António Lacerda Sales negou esta quarta-feira “qualquer interferência pessoal ou política” no caso das gémeas lusobrasileiras tratadas com o Zolgensma no Hospital de Santa Maria, em Lisboa. O antigo secretário de Estado e da Saúde não respondeu aos deputados na comissão parlamentar de inquérito (CPI) a este caso, mas na sua declaração inicial confirmou que a situação das bebés foi abordada numa reunião com Nuno Rebelo de Sousa e imputou ainda a responsabilidade da marcação da consulta ao hospital, dizendo que nem ele, nem a sua ex-secretária o poderiam fazer.

“Não houve da minha parte qualquer interferência pessoal ou política que visasse criar no processo assistencial em causa qualquer situação de favor ou vantagem no acesso à prestação de cuidados de saúde para marcação de consulta, e muito menos para a prescrição e administração de uma dada terapêutica específica”, disse o antigo governante, que citou uma portaria de 2013, que já foi revogada, justificando que “ninguém pode tomar a decisão de marcar uma consulta de especialidade, além do médico ou da equipa médica designados pelo hospital”, imputando assim a responsabilidade da marcação ao Santa Maria, onde as bebés foram acompanharam e receberam o Zolgensma.
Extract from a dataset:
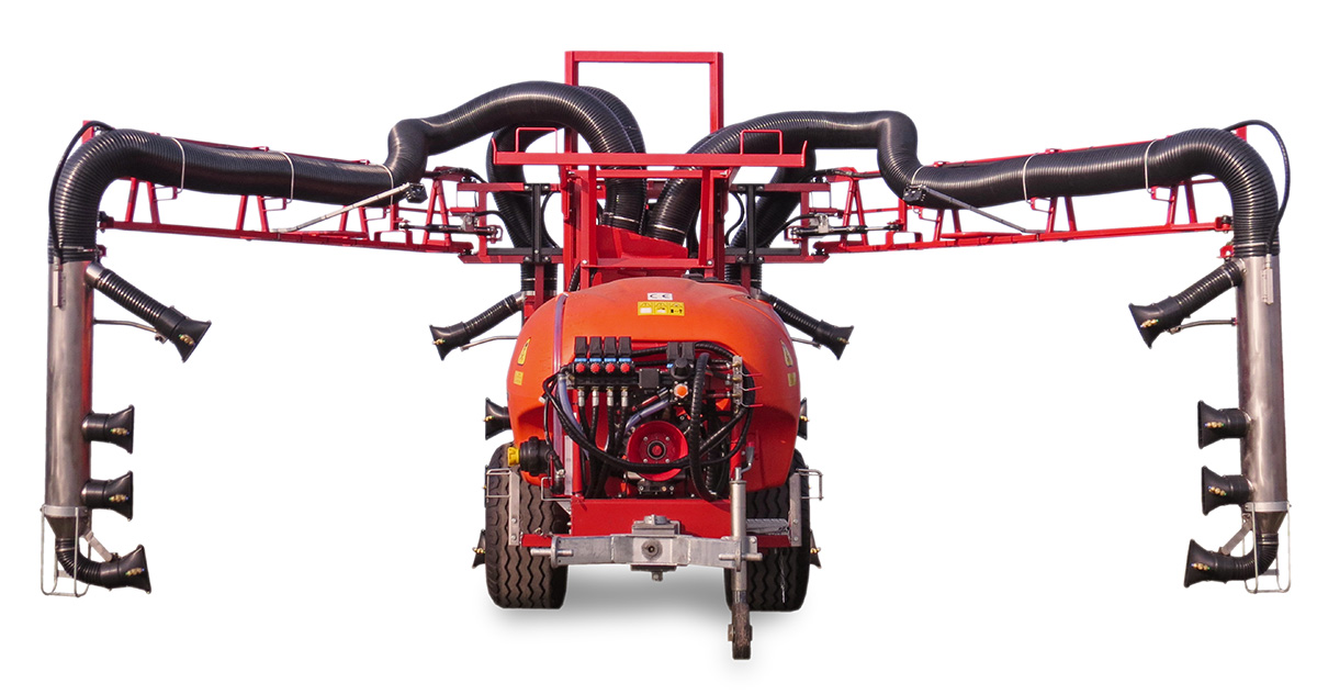 Zakres oprysku dwa rzędy o wysokości do ~1,5m, w rozstawie rzędów od 3,0 do 5,0m |

“Nem eu, nem outro secretário de Estado ou qualquer responsável político, nem a minha secretária, o meu chefe de gabinete ou qualquer pessoa que desempenhasse funções na secretaria de Estado, o podia fazer. E eu não o fiz”, afirmou Lacerda Sales ainda na sua declaração inicial, já que não respondeu aos deputados durante toda a audição. “Nada mais direi do que aqui afirmei, só se fizer um desenho”, chegou a dizer, em resposta ao PSD.

O envolvimento da secretaria de Estado da Saúde na marcação da consulta das gémeas lusobrasileiras surgiu no relatório clínico das bebés, escrito pela médica Teresa Moreno, e foi mencionado no relatório da Inspeção-Geral de Atividades em Saúde (IGAS). Já durante o decorrer desta CPI, Carla Silva, ex-secretária de Lacerda Sales, disse que ter marcado a consulta a pedido do próprio.

Ainda na sua declaração inicial, Lacerda Sales criticou mais do que uma vez o facto de, no seu entender, o caso ter sido “mediatizado” de tal modo que minou “a confiança nas instituições”. “Recuso-me a alimentar uma discussão que já ultrapassou largamente o âmbito do apuramento factual e que se transformou num espetáculo mediático”, disse, vincando mais à frente: “O meu silêncio não é nenhuma confissão”.

António Lacerda Sales foi esta sexta-feira ouvido pela segunda vez na comissão parlamentar de inquérito ao caso das gémeas lusobrasileiras tratadas no Hospital de Santa Maria com um dos medicamentos mais caros do mundo, mas a única coisa que acrescentou ao que já tinha dito na audição de junho foi o encontro com Nuno Rebelo de Sousa, primeiramente negado. “Na altura deixei claro que este caso seria tratado como todos os casos que nos chegam formalmente ao gabinete, são sinalizados e encaminhados para as diferentes instituições”, disse. 

A par de Luís Pinheiro, antigo diretor clínico do Santa Maria, e de Nuno Rebelo de Sousa, filho do Presidente da República, Lacerda Sales é um dos três arguidos deste processo, que está a ser investigado e sob segredo de justiça.

Após a audição desta sexta-feira, que provavelmente será a última, falta saber se o Presidente da República vai aceder ao pedido de audição feito pelos deputados. Na semana passada, Marcelo Rebelo de Sousa disse que iria esperar pelo fim das audições para se pronunciar.

Para já, estão apenas marcadas reuniões de mesa de coordenadores para a discussão das audições e redação do relatório.